This is wrenching my heart out. Not breaking it, nor tearing it to pieces or some drama hectic stuff. It's pulling it out.
I don't want to go there and you know it as well as I do. I don't want to say those things because they've been piling up and I've tried to just let them go, 'cause, you're still you , and I would let anything go by just for that.
You're a part of me. And I'm not kidding, and I know that probably you'll never read this but I just have to write it down somewhere, and it may as well be here. You are one of those person who made me the way I am today. You are the one that brought me into music and you are the one that made me laugh when I was crying; you are the one that kept me up and going at three in the morning, you are the one that told me you loved me when I wasn't expecting it and God, it was one of the best things in the world. You are the one for which I went to Roma3 instead of someplace else, 'cause in the end I was going to see you EVERY SINGLE FUCKING DAY which was something I'd wanted since high school. You are the one to whom I told stuff I didn't tell anybody else, and you are the one from which I learned most of the stuff I know now. When I was sad I came to you 'cause you were the only one who could cheer me up, and I left my cellphone on so you could call at night if you felt like talking.

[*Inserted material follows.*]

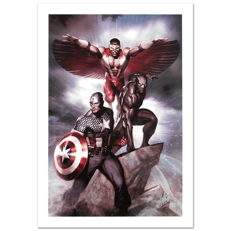 A piece of comic book history, this limited edition, from original art by Adi Granov, depicts a heroic Captain America, Black Panther, and Falcon. While working for Marvel, Adi Granov has drawn covers for Spider-Man, X-Men, and the Fantastic Four. Granov also helped design the Iron Man suit for the recent film adaptation. "Captain America: Hail Hydra #3" is a limited edition giclee on canvas by Adi Granov presented by Marvel Comics, numbered and hand signed by the great Stan Lee! Includes Certificate of Authenticity! Measures approx. 18" x 27" (image).

I remember that time when you called me crying 'cause of him and I hid undercovers and tried to calm you down. I rememeber the first time we met, I was wearing my green pants and you came to me and said "Er... cuz?" and then you laughed.
I guess I never told you how I love to hear you laughing, did I?
I remember that we walked for ten minutes and then I was like "Where are we going?" "Actually, I WAS FOLLOWING YOU."
I remember the times that we went over to Lo Zoppo when it was still near Termini, and I remember the time when we drank from that fountain and you had to drink from every single bocchetta otherwise it was bad luck. I remember the posts we wrote to each other, I remember the times we went to the movies and when we held hands even thought you don't like to be touchy. I remember the things before and then the days after , I remember sitting next t you and I remember that first day at the Uni when I'd asked you to keep me a seat cause I was late as usual. I remember opening that door and seeing you first, and then everything else. I remember the people you made me meet, and how I'd be lost without you.
I remember that morning you had to fly to Houston at about 5 am and I woke suddently ap at something like 4.30 and I sent you a message "just think happy thoughts and we'll fly home." . I remember the times we quoted Gee and the coming out of closets years afterwards (heterosexuality is not my point), I remember the morning of my High School oral exam and that I called you before I called anyone else.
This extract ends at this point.